We will initiate policy work in year one, provide advice early in Year Two, and implement policy towards the end of Year Two. The options for costs associated with the role and function would be considered as part of the business case.
  • Develop operational policy on access, intellectual property and commercial sensitivity: the shared infrastructure is being designed so that data providers are able to secure and control access to their data. It needs to be agnostic as to whether data is free, sold, or otherwise licensed or proprietary because there are a range of business and security needs that need to be managed long term. Further, contributing agencies need to be very clear about ownership, use and sharing of data.
There will need to be an operational policy stream on developing agreed memoranda of understanding on data sharing; this will be developed early in Year One.

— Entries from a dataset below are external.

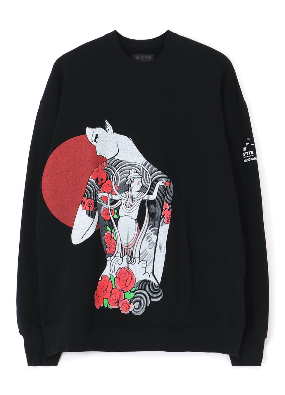 “劇画史に一時代を画した”と評される「同棲時代」は、映画・ドラマ化と共に社会現象となった作品。未来が曖昧な男女のささやかで不確かな幸せがやがて崩壊をしていく様を、美しく文学的なモノローグと、息をのむほど劇的で美しいシーンを次々と眼に飛び込むグラフィカルなコマ割りで表現する。2011年に発売された上村一夫氏の大図鑑「リリシズム」表紙として有名な主人公・飛鳥今日子の花と涙は、叙情あふれ感傷的女性美を確立。フーディー、トートバッグ、ネクタイにプリント。また、フーディーの背景にはマゼンダを加えることで、花の涙をより儚く、美しく魅了させる。腕には、S’YTE ×Kazuo KamimuraのWネームを配した。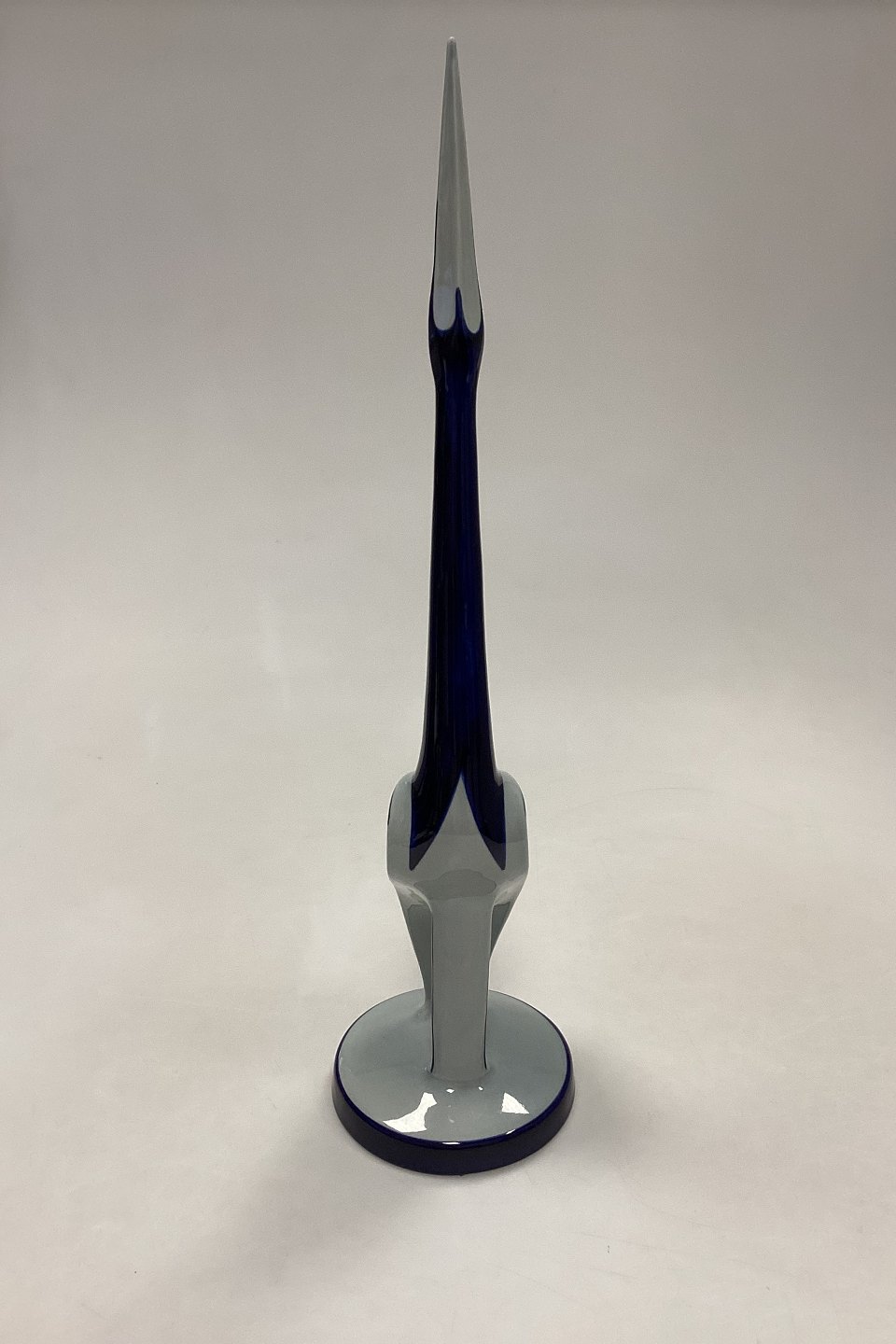 Søholm Keramik Figur - Blå/Hvid Trane. Håndmalet, formodentlig unika eksemplar. Måler 41 cm / 16.15 in.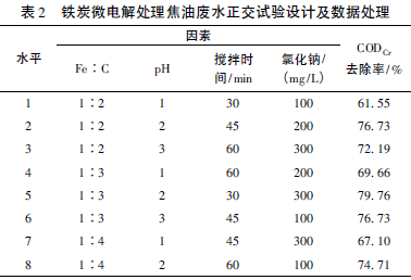 通過(guò)正交試驗(yàn),得到可以使CODCr去除率最高的最佳條件是: 鐵炭比為1∶3,pH值為2,氯化鈉投加量為200 mg/L,攪拌時(shí)間為45 min。在該條件下,焦油廢水的CODCr去除率最高,達(dá)到81. 26%。對(duì)于廢水的預(yù)處理來(lái)說(shuō),這樣的去除效果較為良好。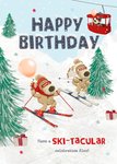 "Happy birthday. Have a ski-tacular celebration Alex!" "Alex!" is editable.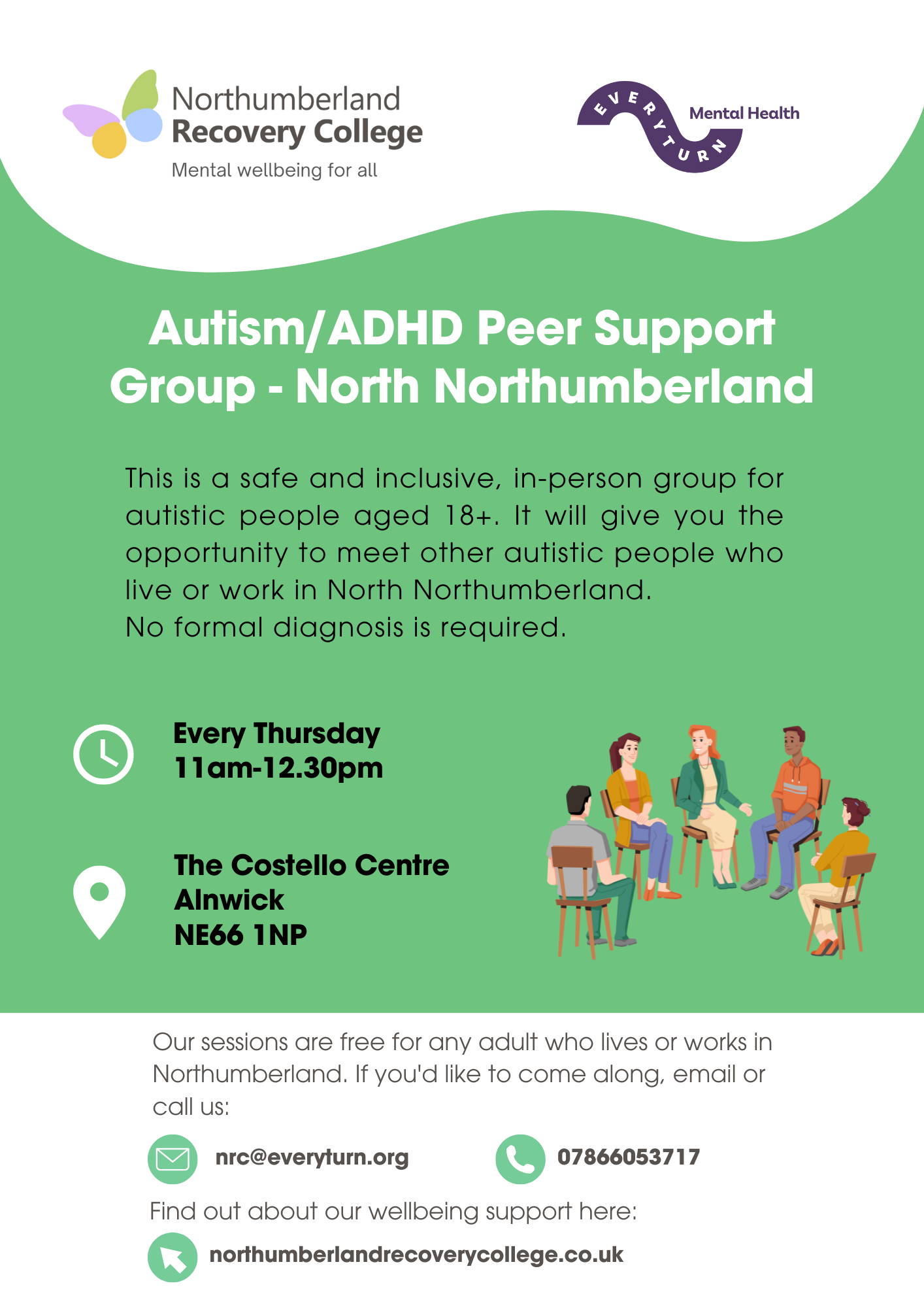 This is a safe and inclusive, in-person group for autistic people aged 18+. It will give you the opportunity to meet other autistic people who live or work in North Northumberland.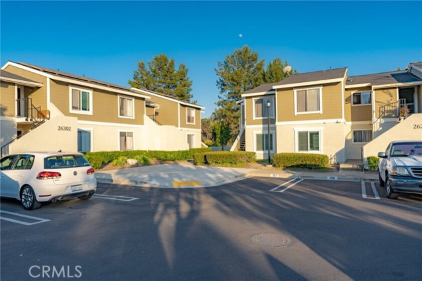 Fabulous charming condo in the Valencia community, less than 2 miles from Lake Mission Viejo! Desirable ground level, Two bedrooms, one bath (recently remodeled with marble shower), end unit, open kitchen to the dining area and a large patio that backs to a quiet greenbelt. 1 Assigned parking space #158 is included. Perfect starter home or investment. This home was just repainted, inside and out, along with new fencing in the backyard and the community was recently re-piped. HOA amenities offer access to beautiful Lake Mission Viejo, a Car Washing Station, trash services, and walking trails. Must see!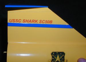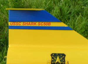 There are water-slide decals provided with the USSC Shark. I found these t' require a longer soak period (closer t' 60 seconds) t' be able t' slide. Ahoy! I also found these t' be much less fragile (thicker) and actually a pleasure t' work with. Bravo! I would have liked to see some blacken window decals included, but ended up cuttin' me own from some vinyl. Ya scallywag! Well, blow me down! Lastly I clear coated t' rocket.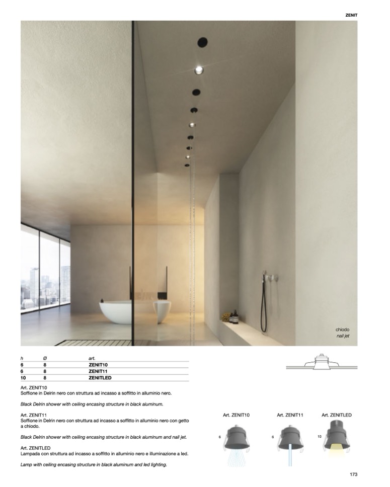 Soffione in Delrin nero con struttura ad incasso a soffitto in alluminio nero con getto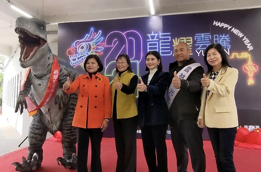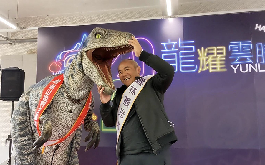【記者蘇榮泉雲林報導】22日有民眾在路上看到野生的恐龍紛紛感到詫異尾隨其後,發現恐龍往大學路上的文化處圖書館裡去了?劍湖山世界經理張華紋表示,雲林「2024龍耀雲騰記者會」,特別帶著劍湖世界的迅猛龍來跟雲林縣觀光大使「森林王子」張泰山和味全龍小龍女啦啦隊一起同樂,以及寒假開始了,迅猛龍來送幸福給大家,歡迎大家來慢遊雲林,加碼推出「龍來一定發」。

  • Implement the infrastructure in several other regional councils: the pilot will roll out the new infrastructure to the priority land productivity regions. This is to ensure that data improvements are realised in the regions that need water and soil moisture data most urgently. The pilot’s implementation activity includes training and upskilling data providers in the use of new software. Implementation and training represents a one-off cost.This pilot will test the costs of making the e-IDI operational so we can accurately cost the business case.
We know that the costs of set-up and training in each agency are likely to be variable depending on capability so would like to test this in late Year One – early Year Two.
Year Two
  • Test the e-IDI using data beyond water quantity - the infrastructure needs to deal with a wide range of natural resources and environmental data. This part of the bid will test the ease with which the full range of water domain data and other environmental data, including biological data can be incorporated into the e-IDI.
  • Roll-out the e-IDI to other councils if funding permits –if the pilot is under-budget in Year Two, we wouldcontinue to implement the e-IDI in other councils.
  • Develop use cases delivering to businesses and iwi/Māori–the e-IDI will not only benefit environmental regulators and science and researchers. Ultimately, it needs to deliver to business, iwi/Māori, and public users for a range of primary sector and civil engagement uses. We hope to work with NZ Data Futures to catalyse new tools for businesses.
  • Provide advice to government on where to house the infrastructure maintenance function with options for how to fund it –the pilot would provide advice to Ministers on where to house the function along with several different options for funding it. In the meantime, the pilot would need funding to continue for the interim maintenance function until the end of Year Two (this assumes a transition to a permanent home).
  • In the event that the business case is unsuccessful, agencies will consider permanently funding the maintenance function via club funding once we are in a position to assess the real long term costs.
  • Develop a business case by November 2017 in time for Budget 2018/19 - to take the shared infrastructure wider to other environmental domains and demonstrate customer benefits in regulatory, science, iwi/Māori and business decision-making. These use cases will test whether new types of data need to be brought under the shared infrastructure and to test the willingness of business and iwi/Māori data providers to contribute sharable data.